In this paper, the oxygen evolution kinetics and oxide layer properties of Pb–0.8%Ag rolled alloy anodes obtained over 15 days of galvanostatic electrolysis in acid zinc sulfate electrolyte solution were investigated using anodic polarization curves, quasi-stationary polarization (Tafel), and electrochemical impedance spectroscopy techniques. The microscopic morphology and phase composition of the anodic oxide layers were observed by scanning electron microscopy and X-ray diffraction, respectively. The activity and reaction kinetics of the anodes varied noticeably during electrolysis, indicating the formation and stabilization of the anodic oxide layer.
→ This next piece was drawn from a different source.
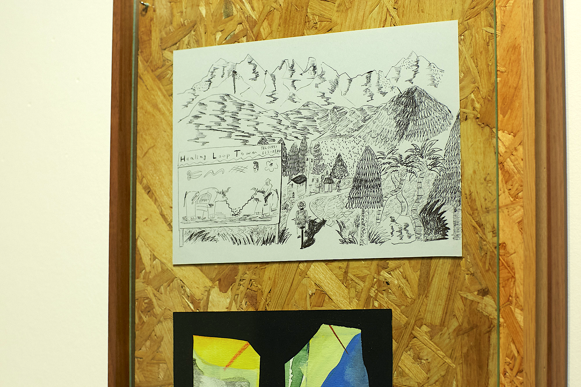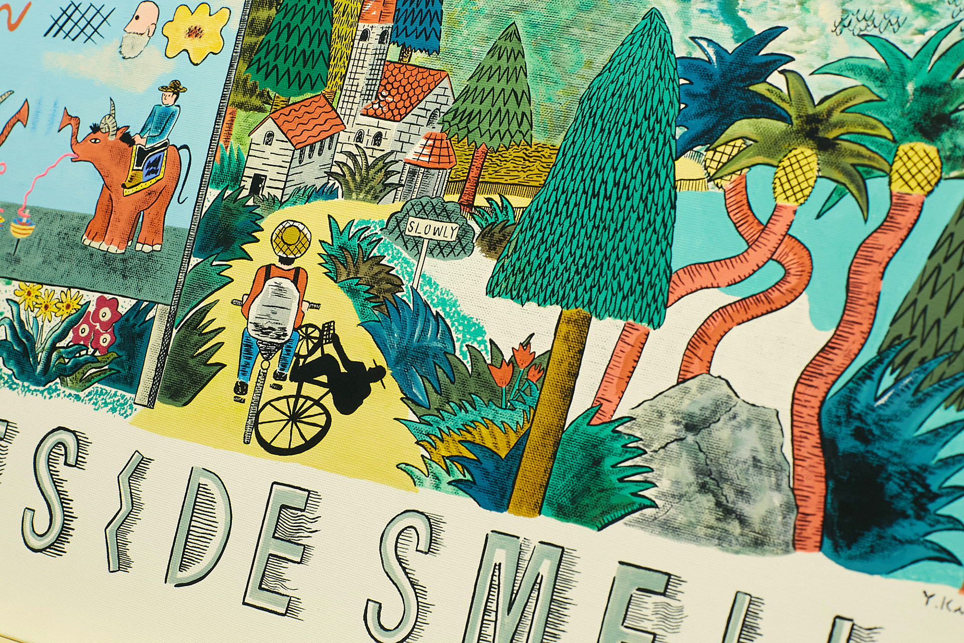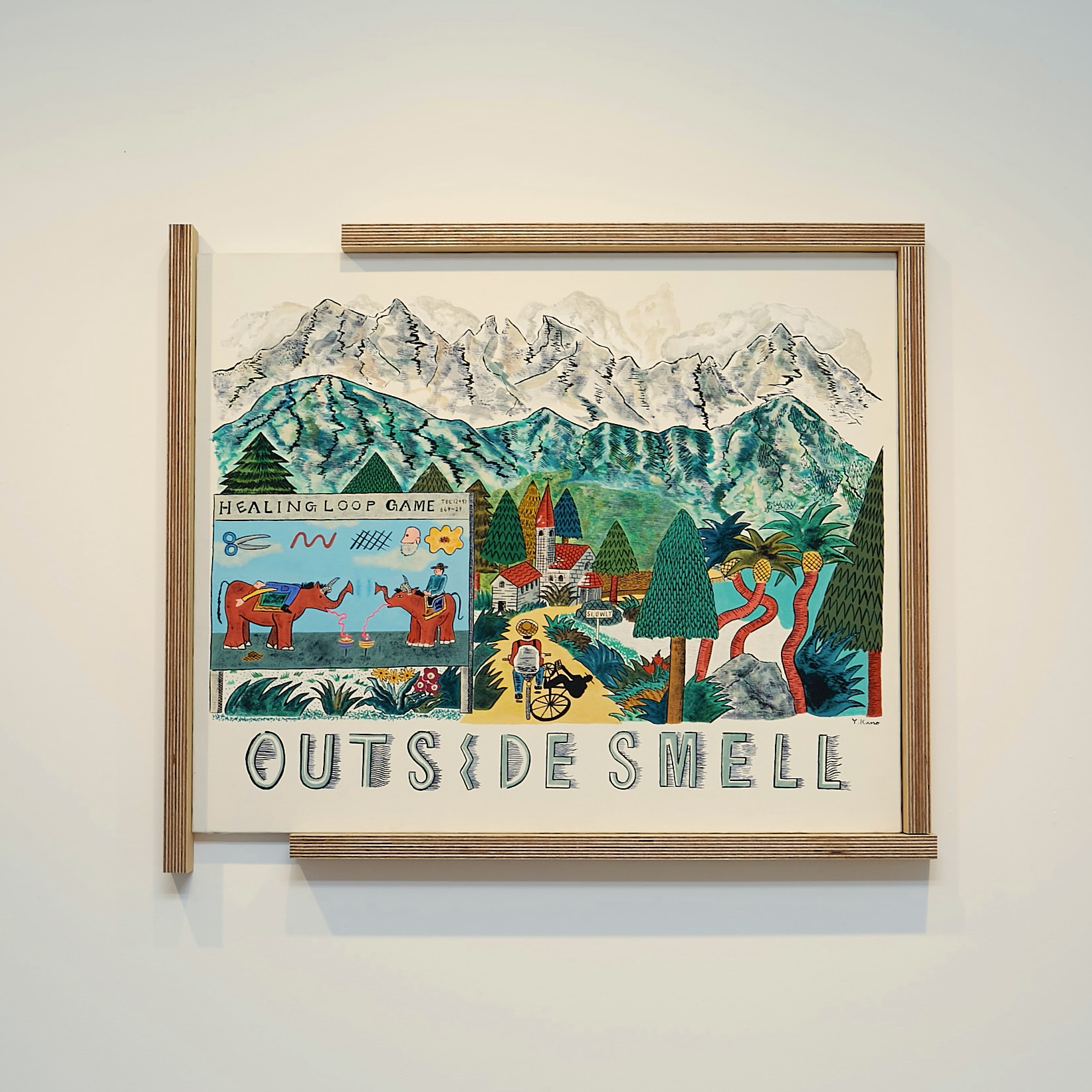 この展示の全体のテーマは、コロナ後の世界で生きる自分にとっての癒しとは外に出て感じる豊かな感情ではないかと考え、どこかの怪しい田舎の村に自転車で入る青年の小さな旅の物語の様なものを想像して絵を描いた。

With increasing electrolysis time, the potential and overpotential of oxygen evolution of the anodes mainly presented a declining trend, whereas their electrode surface exchange current density demonstrated a rising trend. This depolarization can be accounted for by the increasing roughness of the anodic surface and the catalytic effect of increasing β-PbO2 content. The anodic oxide layer obtained after 15 days of electrolysis presented the most compact and the best regular structure among five experimental samples. The corrosion phases of the anodic oxide layers mainly consisted of PbSO4, PbO, α-PbO2, and β-PbO2. With increasing electrolysis time, the α-PbO2 content presented a declining trend, whereas the β-PbO2 content demonstrated a rising trend. α-PbO2 and β-PbO2 showed preferential growth orientations toward the (111) and (101) planes, respectively.